Work task :: Each line holding the word "predio" must appear in the answer, copied from the entries.

Data to process ::
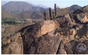
5 "Signo Escudo"
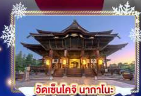
วัดเซ็นโคจิ นากาโนะ
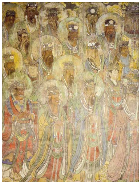
【圖 18】勾陳星宮大帝右側星宿的局部圖
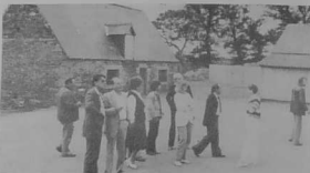
7. A la découverte des installations de l'A.C.E.V. : ici, la ferme de Kerligonan.
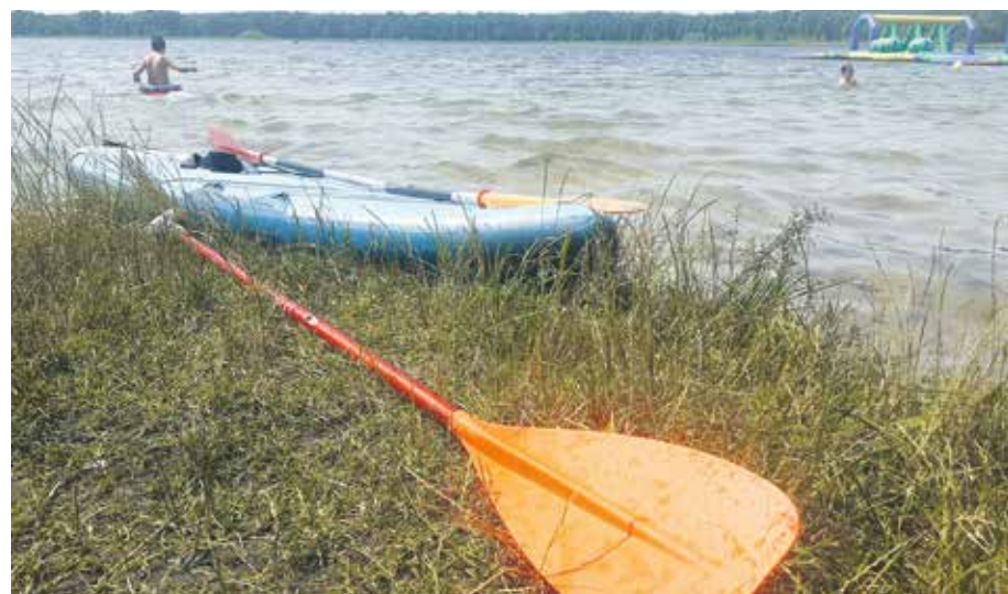
Od kilku lat popularność wśród wodniaków zyskują również deski SUP.
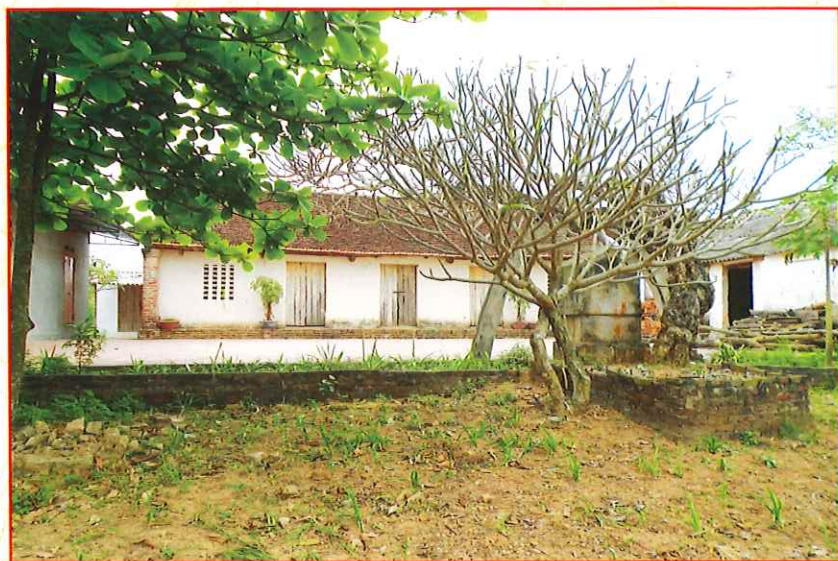
Đình làng U
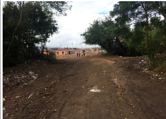
Fotografía 2. Vista general del predio urbanización Villa Diana Carolina III.

Ubicación del Lote: El lote en el cual se desarrollará el proyecto corresponde al predio con matrícula Inmobiliaria No. 307-88540 de la Oficina de instrumentos Públicos de Girardot, con área total de 10.275m 2 aproximadamente, propiedad del municipio de Ricaurte.
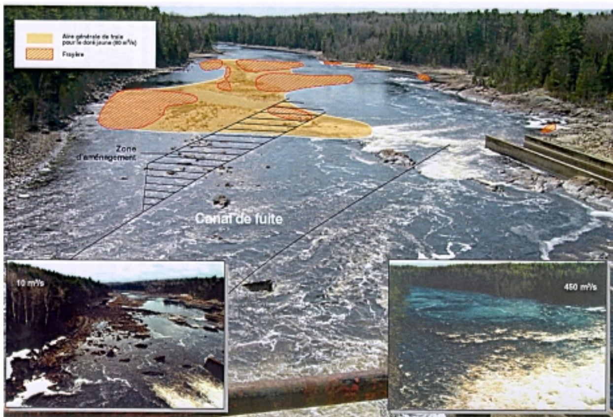
FIGURE 3 : EMPLACEMENT DES FRAYÈRES À DORÉ JAUNE, DU CANAL DE FUITE ET DE LA FRAYÈRE À AMÉNAGER EN AVANT DE LA CENTRALE MERCIER (TIRÉE DE L'ÉTUDE D'IMPACT)

À moins de 200 m en aval du barrage on retrouve une importante aire de frai près de la rive gauche de la rivière située essentiellement sur la portion aval d'un grand haut-fond (Figure 3). Au printemps, quand le débit est faible (moins de 50 m 3 /s), la section aval est exondée et l'eau sortant des pertuis de fond s'écoule le long de la rive droite de la rivière. Par contre, la frayère se trouvant sur l'amont du haut-fond est inondée à un débit de 25 m 3 /s. Lorsque le débit augmente, après le remplissage du réservoir, l'eau inonde toute la largeur de la rivière, rendant la frayère en amont du haut-fond moins attrayante puisque la profondeur de l'eau à cet endroit devient supérieure aux exigences de frai des espèces présentes. L'utilisation de la frayère et son importance dans le maintien des espèces seront discutées dans une section présentée ci-dessous.
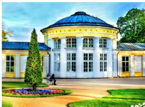
Ferdinandquelle in Marienbad

2.500 qm Acquapura SPA: Die jahrhundertealte Kur- und Gesundheitstradition Marienbads lebt im Grand MedSpa auf. Das Angebot an klassischen Kuranwendungen wird durch moderne physikalische Therapieformen ergänzt und das fachkompetente Team stimmt individuell den Behandlungsplan auf Ihre Bedürfnisse ab. Im Mittelpunkt des Gesundheitsangebots steht die hoteleigene Alexandraquelle, die für Badeanwendungen genutzt wird. Der Acquapura Spa Wellness- und Gesundheitsbereich basiert auf
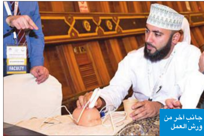
جانب آخر من ورش العمل
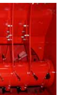
renforts doigts par montage mécanique (DP560HGL et HGTL)
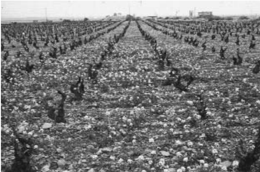
Aspecto de un viñedo en primavera infestado por Diplotaxis erucoides . Magallón (Zaragoza).
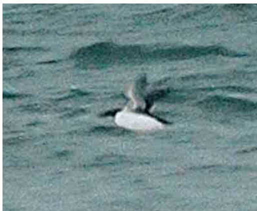
560 Kortbekzeekoet / Brünnich's Murre Uria lomvia, eerstejaars, Paal 7, Schiermonnikoog, Friesland, 23 oktober 2005
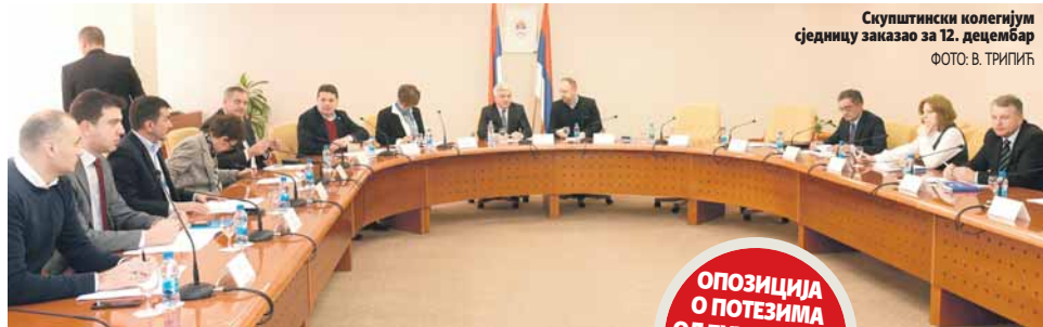
Скупштински колегијум сједницу заказану за 12. децембар

ОПОЗИЦИЈА О ПОТЕЗИМА ОДЛУЧУЈЕ ПРЕД ПОЧЕТАК СЈЕДНИЦЕ
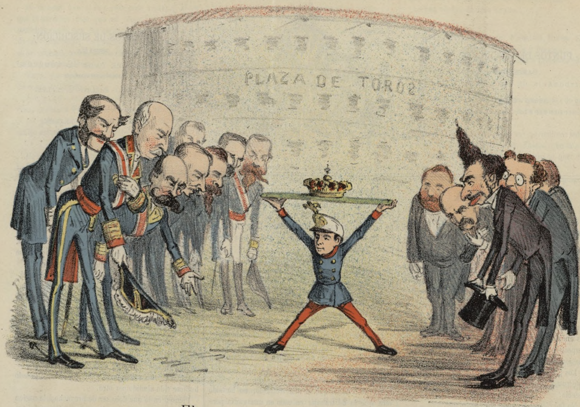
El rey X y sus adoradores.
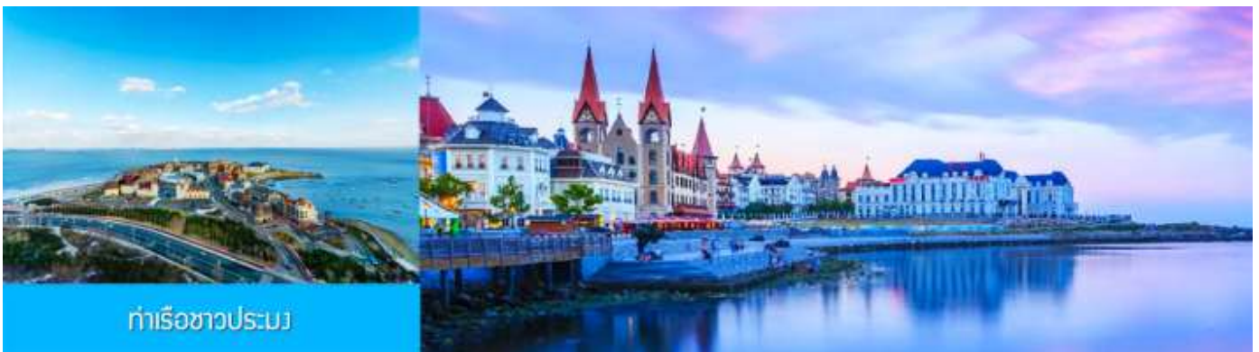
ท่าเรือชาวประมง

08.05 น. ถึงสนามบินเมืองเยียนไถ (เวลาที่ท้องถิ่นเร็วกว่าไทย 1 ชั่วโมง) นำท่านผ่านการตรวจตราเอกสารและรับสัมภาระเรียบร้อย นำท่านเดินทางโดยรถบัสปรับอากาศ เดินทางสู่เมืองเยียนไถ

Finished exercise ::
Fotografía 2. Vista general del predio urbanización Villa Diana Carolina III.
Ubicación del Lote: El lote en el cual se desarrollará el proyecto corresponde al predio con matrícula Inmobiliaria No. 307-88540 de la Oficina de instrumentos Públicos de Girardot, con área total de 10.275m 2 aproximadamente, propiedad del municipio de Ricaurte.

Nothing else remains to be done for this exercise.